Jack and Hayley story: Il Paradiso 3
Hayley: It’s mouth-watering all the freshness. I mean to look at the place you think, “Oh God it’s so cramped” and how they work in that kitchen is beyond me, because it’s an open kitchen as well, and you can see that it’s cramped, and it’s stuff everywhere, and it’s leaning over each other, but the smells, because it’s all freshly made, it’s constantly smelling of herbs and lemons. It’s always herbs and lemons. It never smells fishy. It never smells too meaty, or anything like herbs and lemons, herbs and lemons. I don’t know how they managed to do it. And then the door’s always going in and out as well, so it’s wafting all the smells around you as you get along, oh…. it’s really, really nice, and he does everything so fresh as well.

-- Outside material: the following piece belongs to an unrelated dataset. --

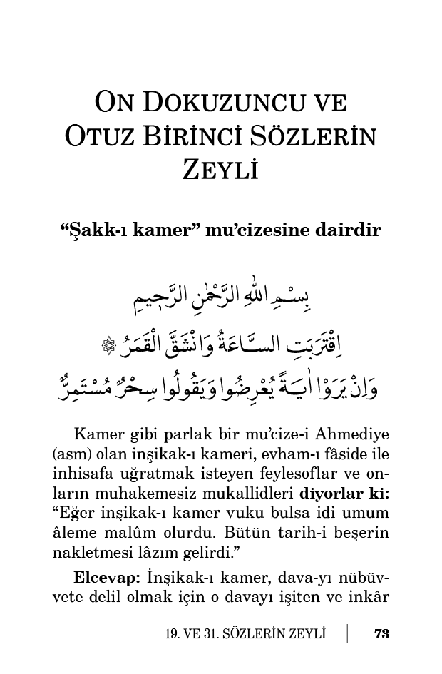 Kamer gibi parlak bir mu’cize-i Ahmediye (asm) olan inşikak-ı kameri, evham-ı fâside ile inhisafa uğratmak isteyen feylesoflar ve onların muhakemesiz mukallidleri diyorlar ki: “Eğer inşikak-ı kamer vuku bulsa idi umum âleme malûm olurdu. Bütün tarih-i beşerin nakletmesi lâzım gelirdi.”

So like the sorbet is actually served in a lemon, like an actual lemon. So as soon as you get in, it’s just that waft of another big citrusy smell and, oh, it tastes divine absolute tastes divine.

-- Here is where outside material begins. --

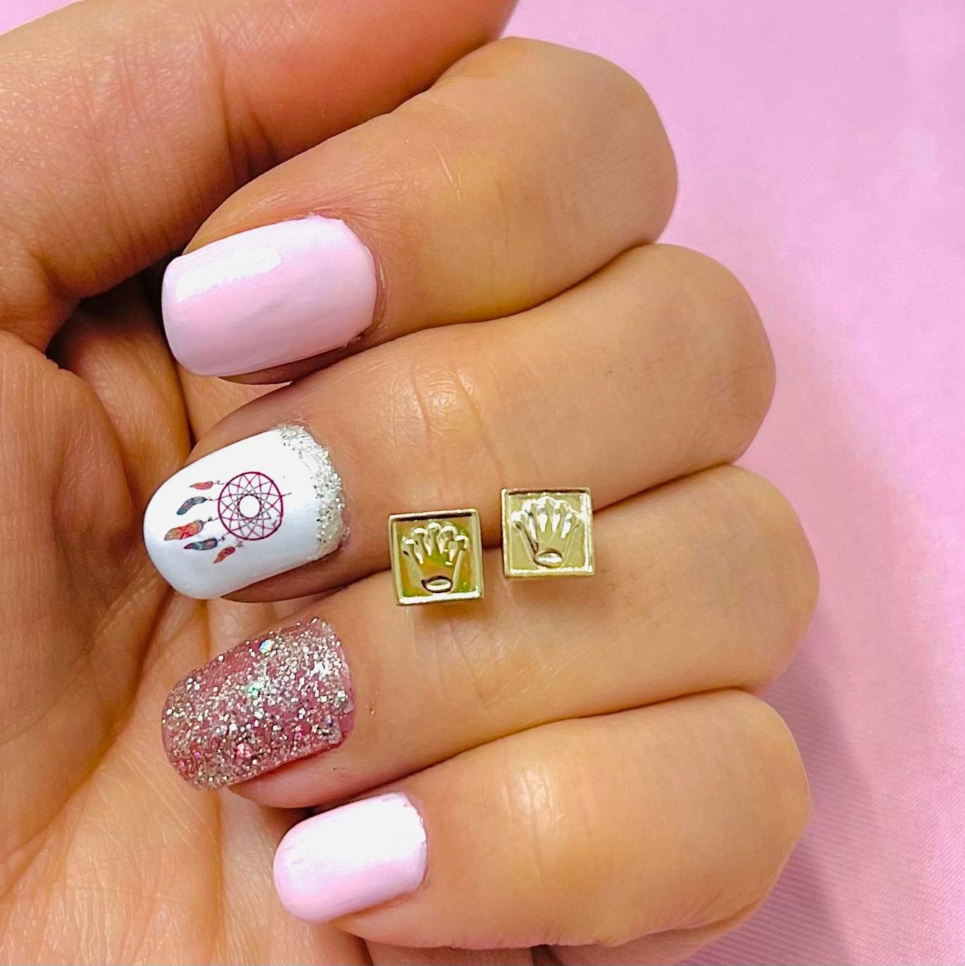 Aritos Cuadrado corona Rolex chico de Plata y Oro

Jack and Hayley story: Il Paradiso 4
Jack: What was your favourite thing to get, or that you knew other people loved getting and what was the smell of it, what was the sight of it?
Hayley: So, he does an amazing mushroom in Gorgonzola, like a little bake for a starter with proper homemade fresh crusty bread on the side and homemade butter. And it was like, every time, I always ordered it, and whoever I’m with would always order something different because you can’t have the same, and then they’d always stare at me like “Oh they look good.” Because even if it’s something so basic, it’s creamy mushrooms, I don’t know how he did it, but it tasted like the best creamy mushrooms you could eat. It was obviously very fresh, it’d done it from scratch, and it wasn’t like a bulk thing where you know, it’s just reheating it portion by portion. No, it was all done fresh for you. Yeah, all that crusty bread and the sound of it. You know when you press the bread in and it’s like… Oh, I love that sound, that’s telling you he baked it that morning. It’s like, yeah, thanks Paolo.
Jack and Hayley story: Walmgate 2
Jack: I would like you to think about the last time you were there. What was the best view, and this can be something small, something big, something that caught your eye in there?
Hayley: It would be that tiny hatchway to the kitchen. It really was, it was like, you know, those old-fashioned TV sets you get where it’s just that small little glimpse into another world. That’s what it felt like looking in there.
Jack: What did it always feel like the next day, after going?
Hayley: It felt like we needed to go back again. It’s something you miss. It was good food, good company. And it always delivered that same standard, which sometimes is a bit hard to achieve with restaurants and stuff, but I always really enjoyed it in there, no matter what time in the day you went in, it was always that same level of attentiveness, and you missed that the next day.
Jack: Would you go back? Straight again after this is all sorted?
Hayley: Yes, Yeah, 100% I’ve actually been like sending him emails and stuff like “Paolo, let me know when you’re back, I’ll come and help you”. So, he is really good.
Jack: Do think other people like Paolo have been affected like this?
Hayley: Yeah. There’s been a few businesses that haven’t managed to survive, a few like independent run coffee shops that would just get on their feet that haven’t managed to pull it out of this, which is a shame. I think there was a bit of a gap between the small business loans, cause a few people have suffered from it.